Un autre facteur cité par les auteurs est qu’en moyenne nous ingérons dans notre alimentation 20 mg d’aluminium par jour avec des extrêmes, suivant les pays et les régimes, variant de 1 à 100 mg. Un litre d’eau par jour à 0,1 mg/l est donc à mettre en parallèle avec ces valeurs même si on fait appel au problème de la biodisponibilité.
Le thé peut par contre nous apporter d’intéressants éléments de réflexion car il a de nombreux amateurs dans de nombreux pays. Cette boisson contient des quantités très importantes d’aluminium. On sait que suivant les types de thé la concentration d’aluminium varie de 2 à 6 mg/l., pour Les amateurs de thé buvant 1 à 2 litres par jour, la prise peut être estimée, si l’aluminium est bien disponible, de 2 à 12 mg/l par jour. A partir d’une eau de boisson à 0,1 mg/l, il faut par conséquent boire 20 à 120 litres d’eau par jour pour obtenir des valeurs comparables. Lors d’une étude écotoxicologique que nous avons menée avec des chercheurs français, on a pu apporter la démonstration que l’aluminium, élément dont la toxicité est redoutable dans certaines conditions pour l’homme et le mammifère, pouvait être absorbé sous forme soluble par voie digestive en quantité importante et pendant de longues périodes sans provoquer de lésion des organes. Ainsi était donnée la réponse à une question à l’origine d’une controverse importante qui régnait dans la communauté des neurologues depuis quelques années et dans laquelle certains affirmaient que l’absorption digestive de l’aluminium présent dans les aliments, l’eau de boisson ou certains médicaments pouvait être responsable de certaines encéphalopathies et notamment de la maladie d’Alzheimer alors que d’autres doutaient fortement de la responsabilité de cet élément dans la génèse de cette maladie très fréquente sans toutefois pouvoir en apporter la preuve. L’étude réalisée pour apporter cette démonstration a été considérable, nécessitant l’intoxication d’un nombre important d’animaux d’expérience pendant la durée de plus de 50 semaines et l’analyse par des méthodes sophistiquées des différents organes cibles (rein, coeur, foie, cerveau, moelle osseuse), ce travail expérimental a été complété par l’examen par microscopie analytique de cerveaux humains de malades décédés de maladie d’Alzheimer et de malades décédés d’encéphalopathies en cours de dialyse et ayant montré l’absence d’aluminium chez les premiers et sa présence en forte concentration locale chez les seconds.

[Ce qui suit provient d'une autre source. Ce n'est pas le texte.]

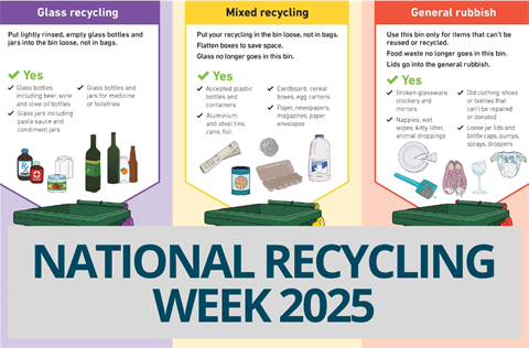 National Recycling Week 2025 Published on 10 November 2025 National Recycling Week is a great opportunity to remind ourselves what can and cannot go into our recycling bins. Tagged as: , Environment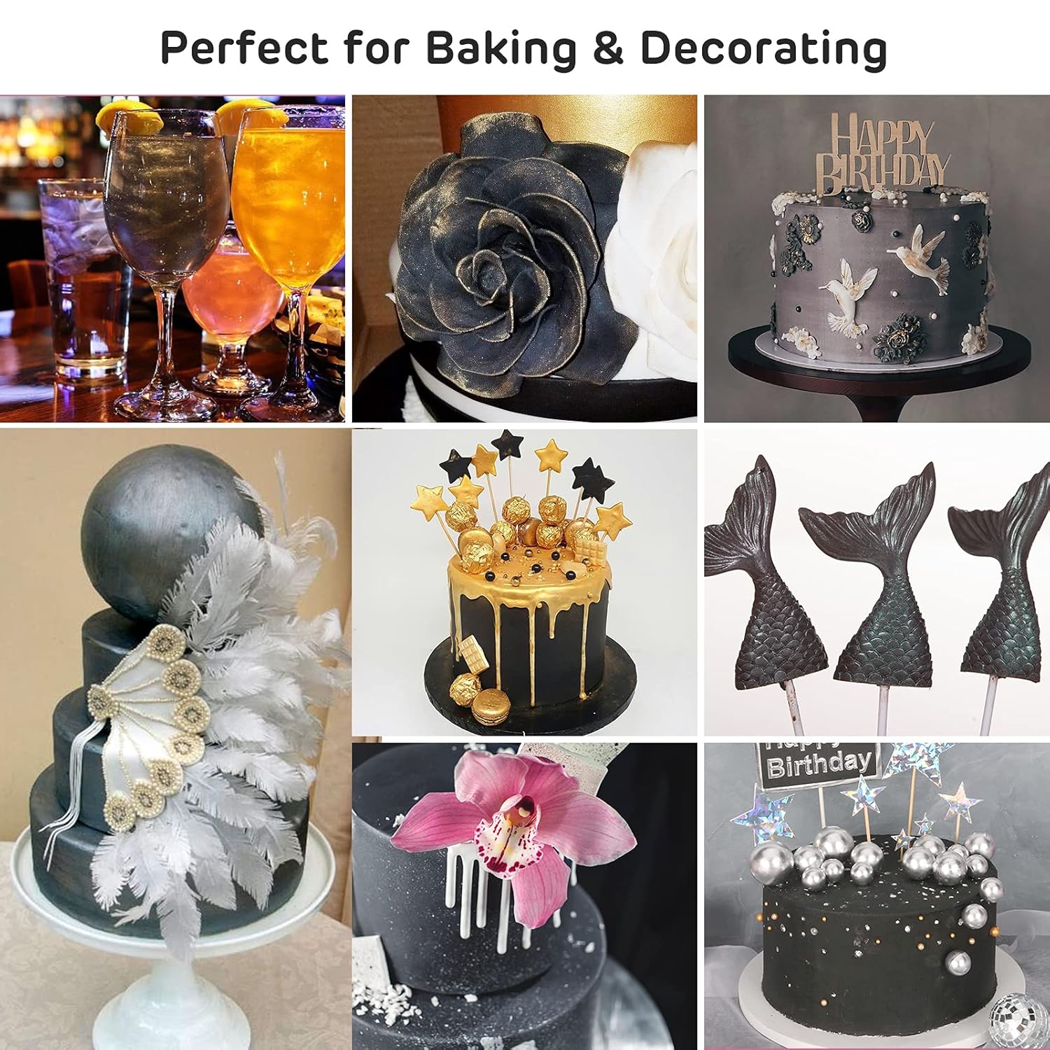 Nomeca Edible Luster Dust, 8 Grams Food Grade Cake Dust Metallic Shimmer Christmas Food Coloring Powder for Cake Decorating, Baking, Fondant, Gumpaste, Chocolate, Candy, Drinks, Cookies - Black

Cette étude a pu montrer en outre quel était le comportement intracellulaire de l’aluminium apportant ainsi à la fois l’explication biologique de la toxicité de cet élément pour certaines cellules cibles lorsqu’il est présent dans le milieu intérieur et son absence de toxicité lorsqu’il était absorbé par voie digestive : Absorbé dans le sang soit directement par expérimentation animale ou après dialyse chez l’homme, l’aluminium est sélectivement concentré sous forme de phosphate insoluble au sein des lysosomes riches en phosphatases acides. Absorbé par voie digestive, cet élément ne pénètre pas dans l’organisme grâce à un mécanisme de défense révélé par ce travail et lié à la présence de lysosomes présents à la partie apicale des cellules du tube digestif. La précipitation sous forme insoluble de l’aluminium à ce niveau s’oppose à sa pénétration dans l’organisme et ces dépôts insolubles sont ensuite éliminés par voie digestive au cours de la desquamation naturelle de ces cellules an apoptose et dont le cycle est de l’ordre de 2 jours. Cette démonstration originale et jamais faite encore pour aucun autre élément a été réalisée chez l’animal d’expérience et chez l’homme sur des biopsies. Les résultats de ce travail de longue durée ont pu apporter des arguments sérieux, contredisant l’hypothèse selon laquelle l’aluminium joue un rôle toxique dans la maladie d’Alzheimer.